**Exercise description**. Without changing a word, repeat the data, and include no pictures.

[Items listed in a dataset]
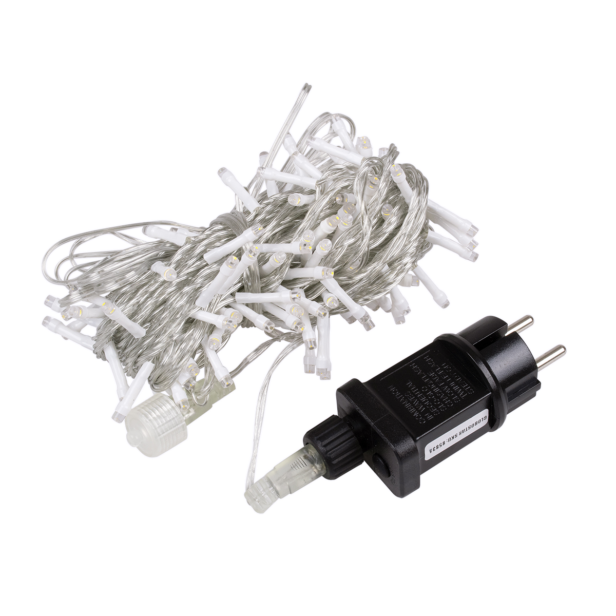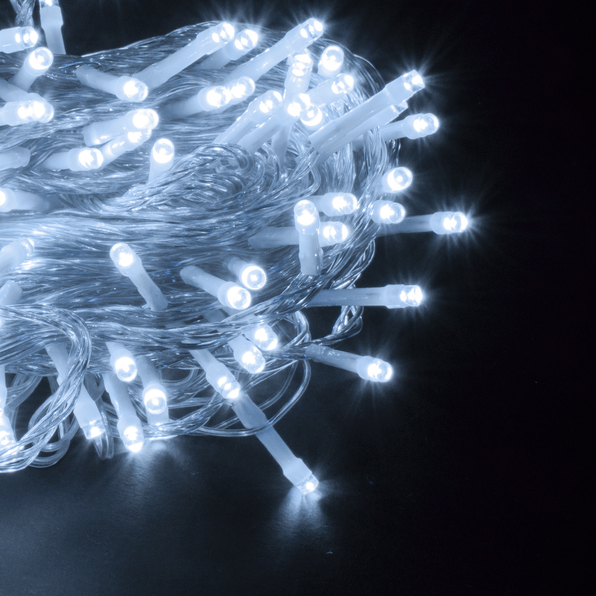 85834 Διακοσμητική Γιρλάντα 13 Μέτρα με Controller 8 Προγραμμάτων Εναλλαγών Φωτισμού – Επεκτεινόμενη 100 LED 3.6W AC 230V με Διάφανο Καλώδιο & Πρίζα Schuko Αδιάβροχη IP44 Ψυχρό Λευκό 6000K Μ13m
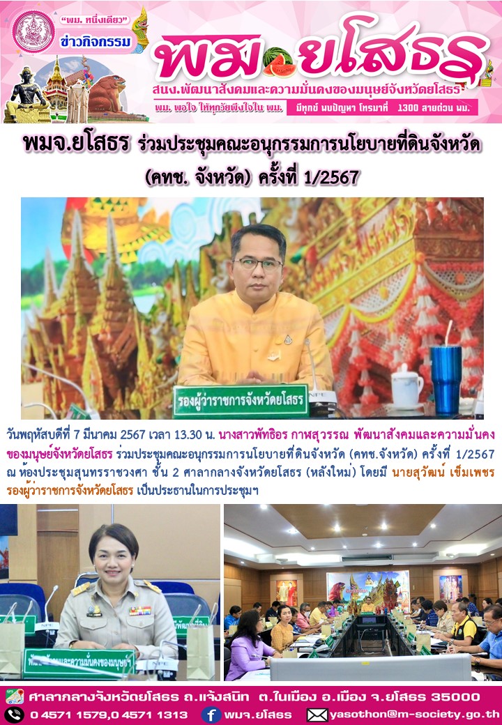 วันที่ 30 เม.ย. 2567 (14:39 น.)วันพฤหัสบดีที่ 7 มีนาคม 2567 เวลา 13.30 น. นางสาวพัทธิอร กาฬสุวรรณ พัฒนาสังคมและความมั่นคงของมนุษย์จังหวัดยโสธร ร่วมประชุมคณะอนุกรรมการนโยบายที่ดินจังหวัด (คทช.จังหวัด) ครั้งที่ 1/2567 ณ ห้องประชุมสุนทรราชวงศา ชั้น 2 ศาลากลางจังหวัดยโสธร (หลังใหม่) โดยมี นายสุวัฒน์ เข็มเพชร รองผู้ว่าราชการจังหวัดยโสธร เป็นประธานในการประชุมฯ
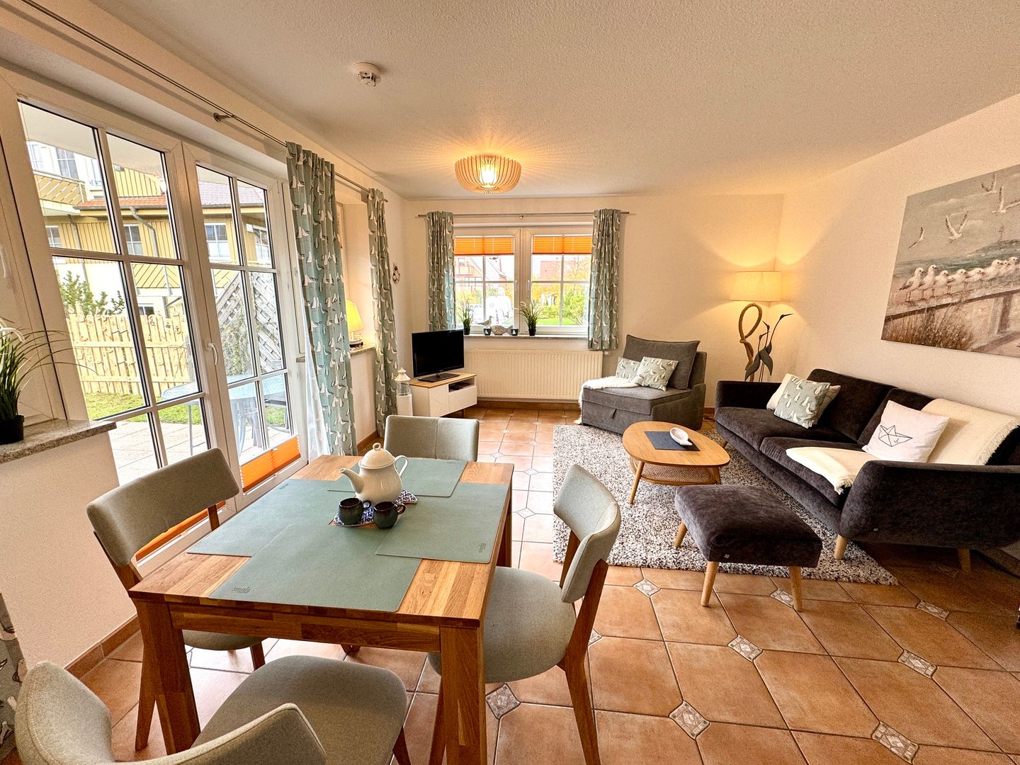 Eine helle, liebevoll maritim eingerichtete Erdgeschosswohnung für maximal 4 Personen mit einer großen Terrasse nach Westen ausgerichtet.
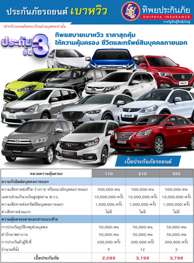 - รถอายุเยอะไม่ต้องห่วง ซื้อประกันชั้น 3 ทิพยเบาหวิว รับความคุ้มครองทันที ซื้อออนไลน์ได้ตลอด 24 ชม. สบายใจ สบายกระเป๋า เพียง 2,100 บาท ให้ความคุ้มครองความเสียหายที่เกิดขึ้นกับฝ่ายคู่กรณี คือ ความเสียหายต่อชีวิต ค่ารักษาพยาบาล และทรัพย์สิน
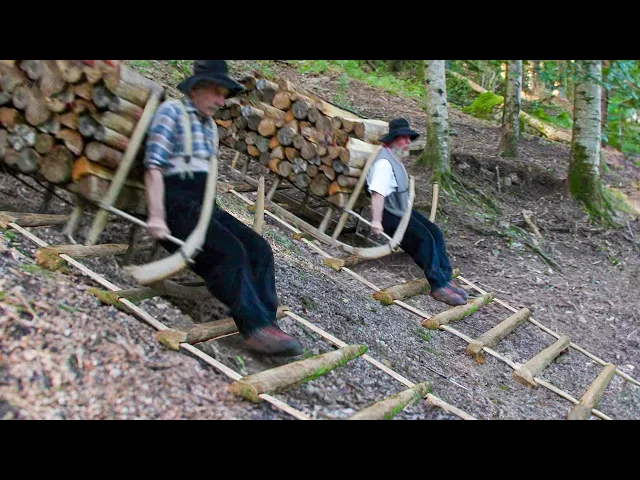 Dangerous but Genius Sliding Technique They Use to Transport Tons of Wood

**Task response**.
 85834 Διακοσμητική Γιρλάντα 13 Μέτρα με Controller 8 Προγραμμάτων Εναλλαγών Φωτισμού – Επεκτεινόμενη 100 LED 3.6W AC 230V με Διάφανο Καλώδιο & Πρίζα Schuko Αδιάβροχη IP44 Ψυχρό Λευκό 6000K Μ13m
 วันที่ 30 เม.ย. 2567 (14:39 น.)วันพฤหัสบดีที่ 7 มีนาคม 2567 เวลา 13.30 น. นางสาวพัทธิอร กาฬสุวรรณ พัฒนาสังคมและความมั่นคงของมนุษย์จังหวัดยโสธร ร่วมประชุมคณะอนุกรรมการนโยบายที่ดินจังหวัด (คทช.จังหวัด) ครั้งที่ 1/2567 ณ ห้องประชุมสุนทรราชวงศา ชั้น 2 ศาลากลางจังหวัดยโสธร (หลังใหม่) โดยมี นายสุวัฒน์ เข็มเพชร รองผู้ว่าราชการจังหวัดยโสธร เป็นประธานในการประชุมฯ
 Eine helle, liebevoll maritim eingerichtete Erdgeschosswohnung für maximal 4 Personen mit einer großen Terrasse nach Westen ausgerichtet.
 - รถอายุเยอะไม่ต้องห่วง ซื้อประกันชั้น 3 ทิพยเบาหวิว รับความคุ้มครองทันที ซื้อออนไลน์ได้ตลอด 24 ชม. สบายใจ สบายกระเป๋า เพียง 2,100 บาท ให้ความคุ้มครองความเสียหายที่เกิดขึ้นกับฝ่ายคู่กรณี คือ ความเสียหายต่อชีวิต ค่ารักษาพยาบาล และทรัพย์สิน
 Dangerous but Genius Sliding Technique They Use to Transport Tons of Wood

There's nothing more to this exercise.